El caso de Benjamín Marcelo Guerrero, un joven chileno detenido en California mientras paseaba a su perro, refleja con crudeza la deshumanización del proceso. La familia encontró al animal abandonado, sin comprender que el crimen de su dueño había sido, en realidad, soñar con una vida mejor.
Frente a ello, organizaciones como C.A.R.E.4Paws intentan llenar el vacío con iniciativas que buscan crear refugios específicamente destinados a las mascotas de migrantes en riesgo de deportación. La cofundadora Isabel Gullö lo expresó con claridad: “cuando las personas atraviesan estos increíblemente difíciles momentos, la última cosa de la que deberían preocuparse es qué pasará con sus amadas mascotas”. Pero en la práctica, eso es exactamente lo que ocurre.
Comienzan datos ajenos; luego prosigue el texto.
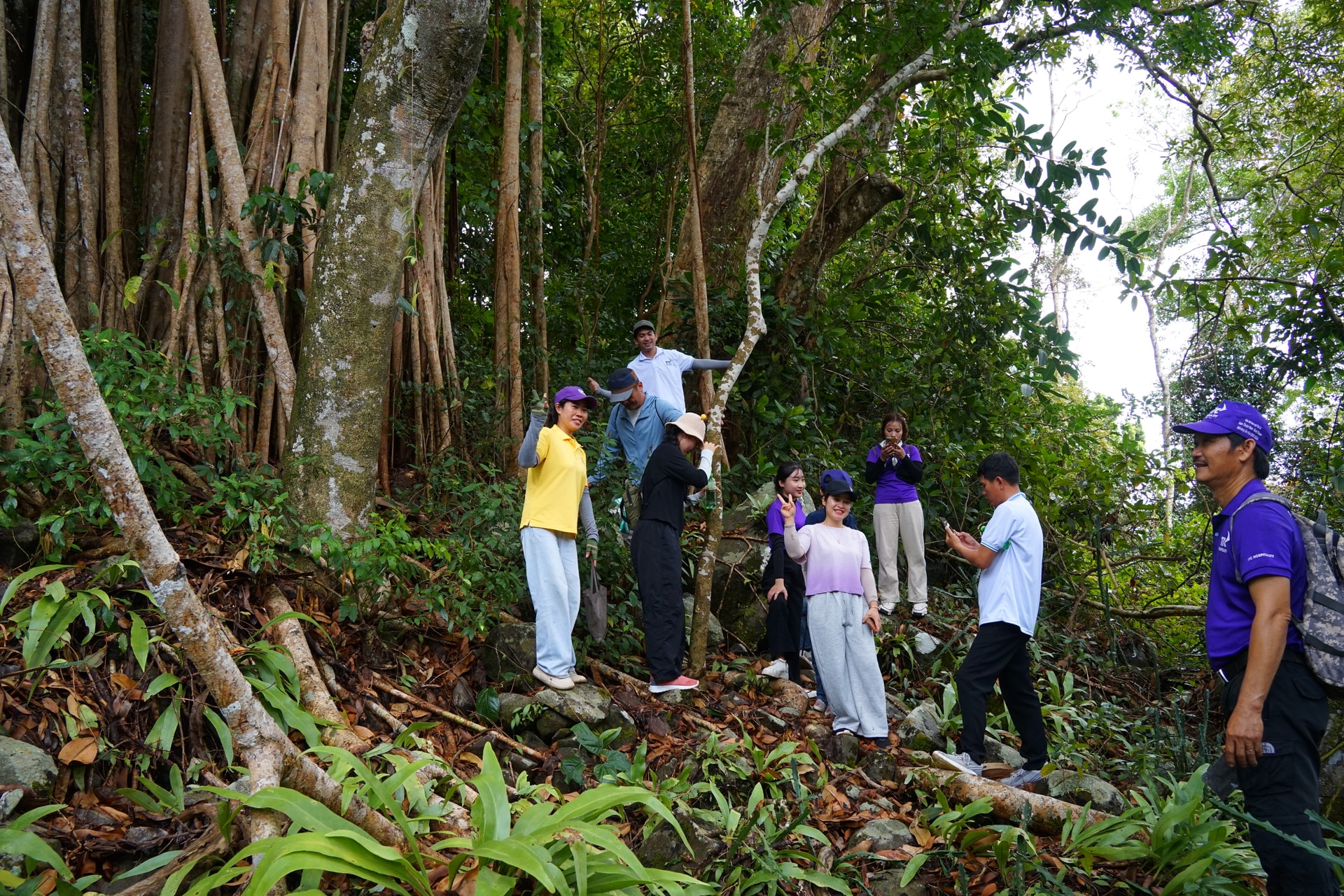 “Cứ vài chục mét lại bắt gặp những cụm cây như vậy, bên cạnh là thảm lan và nhiều loài thực vật lạ, tạo nên cảnh quan độc đáo”, anh Văn Quang Liêm chia sẻ về chuyến trekking mang lại trải nghiệm đáng nhớ khi được hòa mình vào không gian xanh mát, cảm nhận rõ nét vẻ đẹp của rừng nguyên sinh.
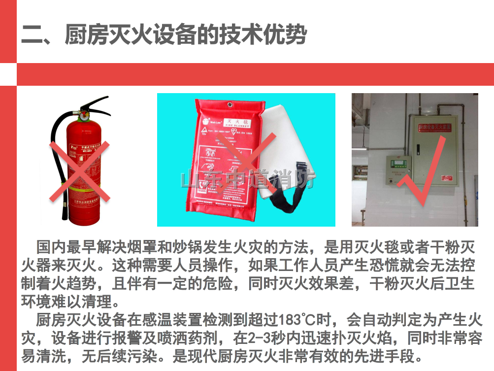 濰坊廚房滅火設備,適用于濰坊賓館、飯店、餐館、機關、學校、企事業單位等公共建筑內的廚房符合以下標準,1、設在地下建筑內的廚房;建筑面積大約等于1000平方的超市內或毗鄰的廚房;高層建筑內,餐廳面積大于等于200平方的廚房;單、多層建筑內,餐廳面積大于等于500平方的廚房。加裝廚房設備自動滅火裝置,聯系電話咨詢客服15094938208.
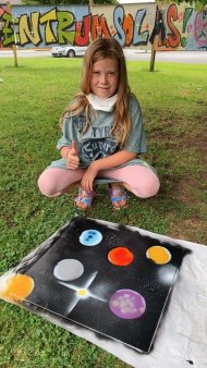 Nach der Einführung ging es dann endlich los. Zuerst durften sich alle erstmal an einer großen Holzwand ausprobieren. Es fing mit einfachen Strichen an und auch Buchstaben durften ausprobiert werden. Als die Kinder und Jugendlichen den Dreh raushatten, durften sie ihr ganz eigenes Bild erstellen. Dafür bekamen alle eine grundierte Holzleinwand. Durch verschiedene Techniken war es ihnen möglich ganze Galaxien zu erstellen.
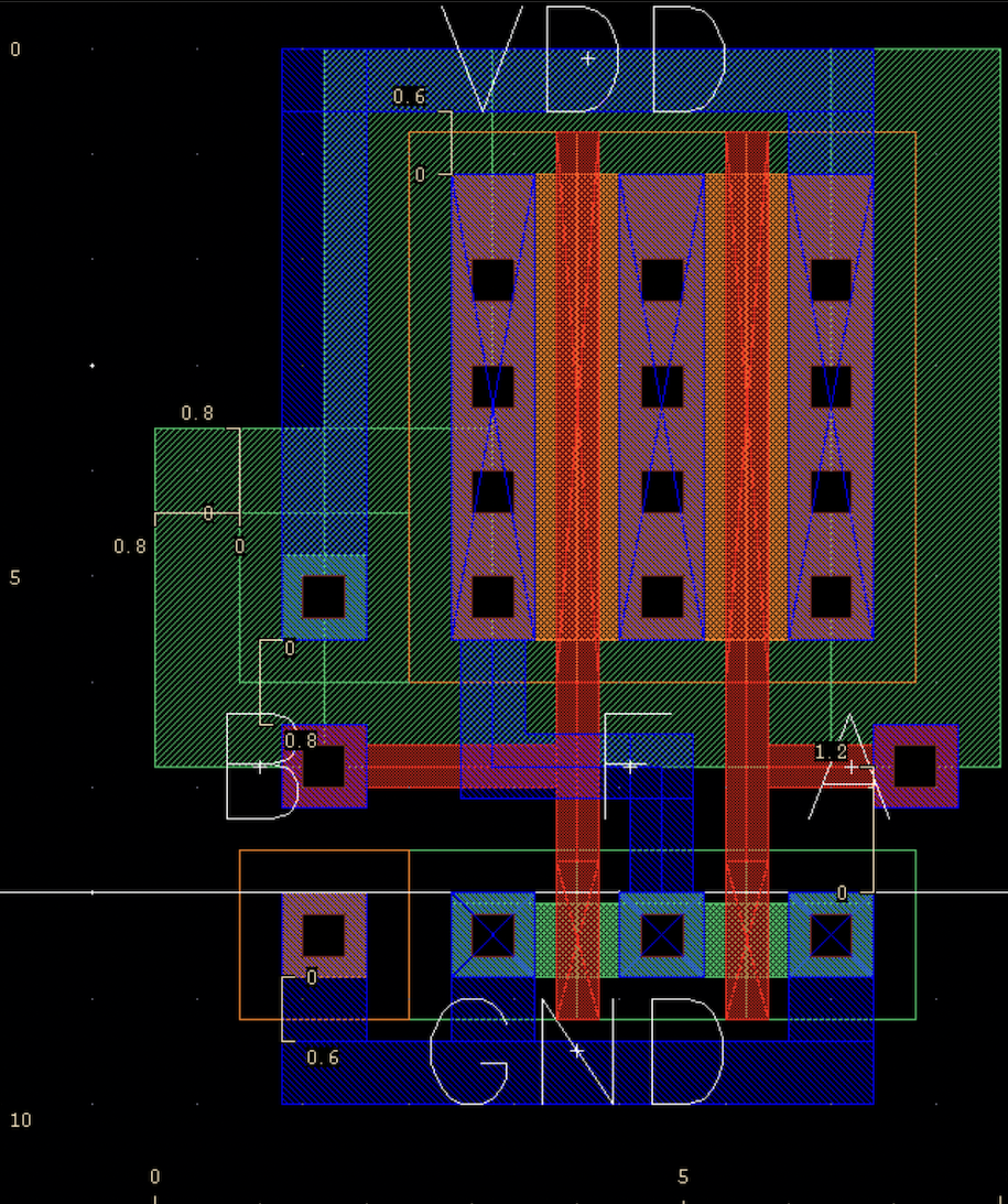 I was not working on microchips themselves, but rather an issue with their display method. Below is a build schematic for a very simple microchip – a NOR gate. Its size is 80 square micrometers.

El abandono animal derivado de las deportaciones es un espejo incómodo. Nos muestra que la política migratoria no solo es un asunto de soberanía y fronteras, sino de vínculos cotidianos, de afectos que sostienen vidas invisibles.
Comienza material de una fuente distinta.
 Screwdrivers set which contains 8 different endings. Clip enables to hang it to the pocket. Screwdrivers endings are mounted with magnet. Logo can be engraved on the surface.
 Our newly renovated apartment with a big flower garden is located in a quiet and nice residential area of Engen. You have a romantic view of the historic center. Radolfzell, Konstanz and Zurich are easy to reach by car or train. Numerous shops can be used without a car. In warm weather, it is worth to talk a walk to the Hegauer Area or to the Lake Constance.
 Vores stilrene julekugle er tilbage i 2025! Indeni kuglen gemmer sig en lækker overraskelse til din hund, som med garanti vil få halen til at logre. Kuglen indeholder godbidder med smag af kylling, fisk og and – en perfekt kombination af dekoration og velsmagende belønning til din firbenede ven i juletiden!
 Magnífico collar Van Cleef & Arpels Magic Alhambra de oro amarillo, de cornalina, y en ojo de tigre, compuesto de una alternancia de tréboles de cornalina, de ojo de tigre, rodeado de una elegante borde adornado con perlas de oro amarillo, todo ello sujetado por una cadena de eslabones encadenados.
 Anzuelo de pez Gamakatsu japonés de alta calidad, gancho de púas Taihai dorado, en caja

Castigar a un migrante con la expulsión ya es devastador. Castigar a sus mascotas con el abandono es, además, un recordatorio de que la deshumanización tiene consecuencias más amplias de lo que pensamos.
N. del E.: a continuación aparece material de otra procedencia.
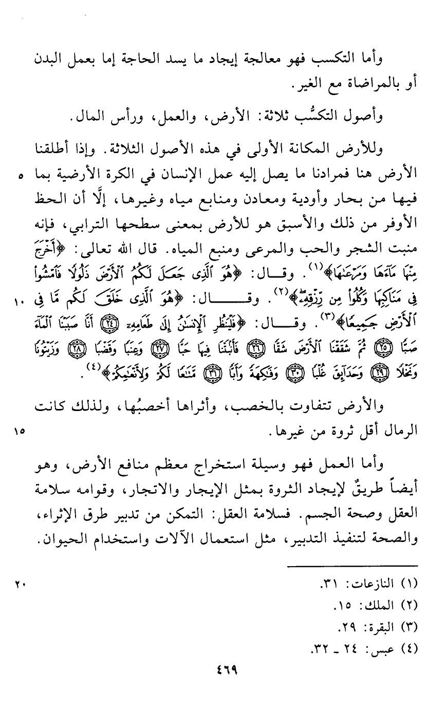 وللأرض المكانة الأولى في هذه الأصول الثلاثة. وإذا أطلقنا الأرض هنا فمرادنا ما يصل إليه عمل الإنسان في الكرة الأرضية بما فيها من بحار وأودية ومعادن ومنابع مياه وغيرها، إلَّا أن الحظ الأوفر من ذلك والأسبق هو للأرض بمعنى سطحها الترابي، فإنه منبت الشجر والحب والمرعى ومنبع المياه. قال الله تعالى: {أَخْرَجَ مِنْهَا مَاءَهَا وَمَرْعَاهَا} (¬1). وقال: {هُوَ الَّذِي جَعَلَ لَكُمُ الْأَرْضَ ذَلُولًا فَامْشُوا فِي مَنَاكِبِهَا وَكُلُوا مِنْ رِزْقِهِ} (¬2). وقال: {هُوَ الَّذِي خَلَقَ لَكُمْ مَا فِي الْأَرْضِ جَمِيعًا} (¬3). وقال: {فَلْيَنْظُرِ الْإِنْسَانُ إِلَى طَعَامِهِ (24) أَنَّا صَبَبْنَا الْمَاءَ صَبًّا (25) ثُمَّ شَقَقْنَا الْأَرْضَ شَقًّا (26) فَأَنْبَتْنَا فِيهَا حَبًّا (27) وَعِنَبًا وَقَضْبًا (28) وَزَيْتُونًا وَنَخْلًا (29) وَحَدَائِقَ غُلْبًا (30) وَفَاكِهَةً وَأَبًّا (31) مَتَاعًا لَكُمْ وَلِأَنْعَامِكُمْ} (¬4).
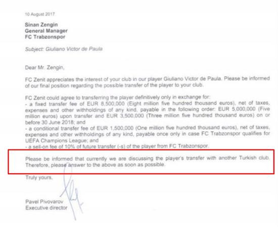 Trabzonspor'un Türk menajer aracılığı ile yaptığı anlaşmanın bir geçerliliği olmadığı belirtilirken, Zenit'in Trabzonspor'a gönderdiği belgede "Bir başka Türk kulübü ile de oyuncunun transferi için görüşüyoruz" şeklinde bir ifade kullanmasının, ceza ihtimalini azalttığı kaydedildi. FIFA, transfer konusunda Trabzonspor'un başvurusunu işleme alacak ve Zenit'in bir usulsüzlük yapıp yapmadığını inceleyecek. Zenit'e açılan dava sonunda, Fenerbahçe ya da Giuliano'nun bir ceza çıkma ihtimalinin oldukça düşük olduğu ifade ediliyor.
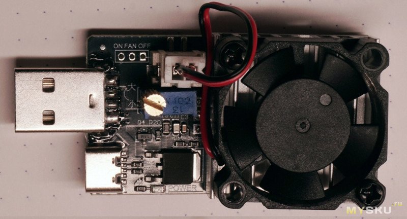 Конструктивно, у нагрузки есть разьёмы type-a и type-c, их "+" и "-" включены параллельно. Взаимное расположение портов крайне неудачное для type-c. Ни один USB-тестер туда не запихнешь, даже такой компактный как KWS-2301C. Только кабель или какой-то уж совсем мелкий показометр. И это не очень-то удобно. Лучше бы они его развернули на боковую сторону платы, тогда всем было-бы хорошо. Кстати, резисторы тут распаяны и при подключении к type-c напрямую, 5В на разъеме есть.Ещё на верхней стороне платы есть: 2p JST разъем питания вентилятора, отверстия для установки перемычек принудительного включения или отключения вентилятора, подстроечный многооборотный резистор с накатанной крутящейся головкой, похожий на MOSFET элемент в корпусе dpak с затертой маркировкой и светодиод индикации включения нагрузки/питания. Да, отдельного питания тут не предусмотрено, схема нагрузки питается от нагружаемого источника.
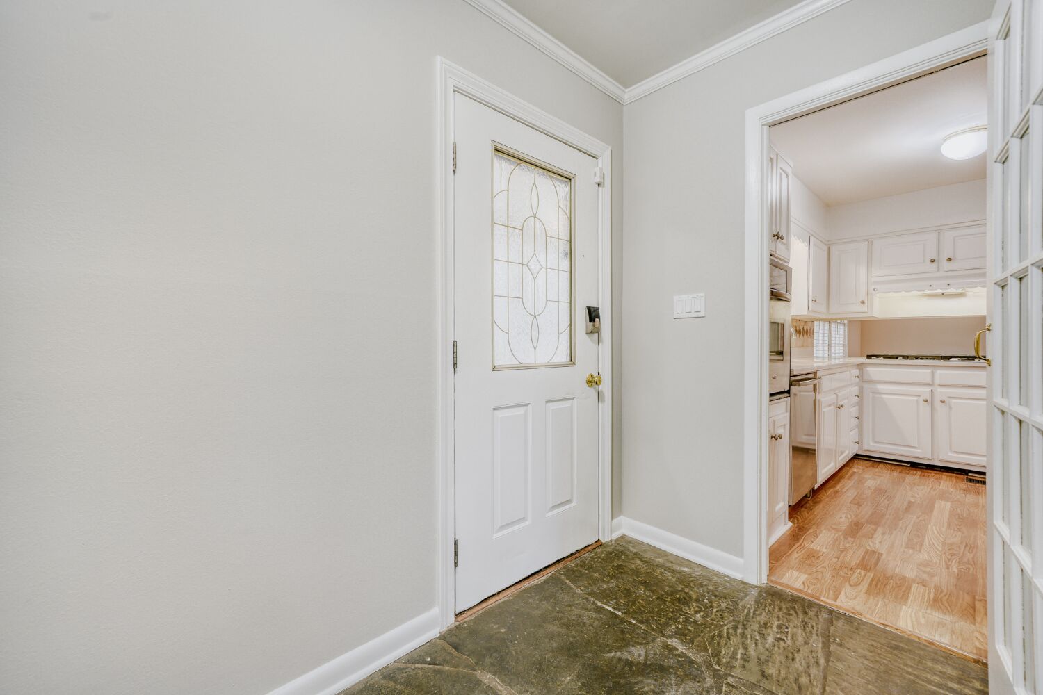 The entry hall features a slate stone floor.

Estados Unidos enfrenta aquí una deuda ética que no puede resolverse con refugios improvisados ni colectas solidarias. Si la política migratoria sigue pensándose solo en términos de control y castigo, no solo serán miles de familias rotas las que cargarán con sus cicatrices. También lo harán los animales que, sin voz ni voto, terminan siendo las víctimas más fieles de una injusticia que no entienden, pero que padecen.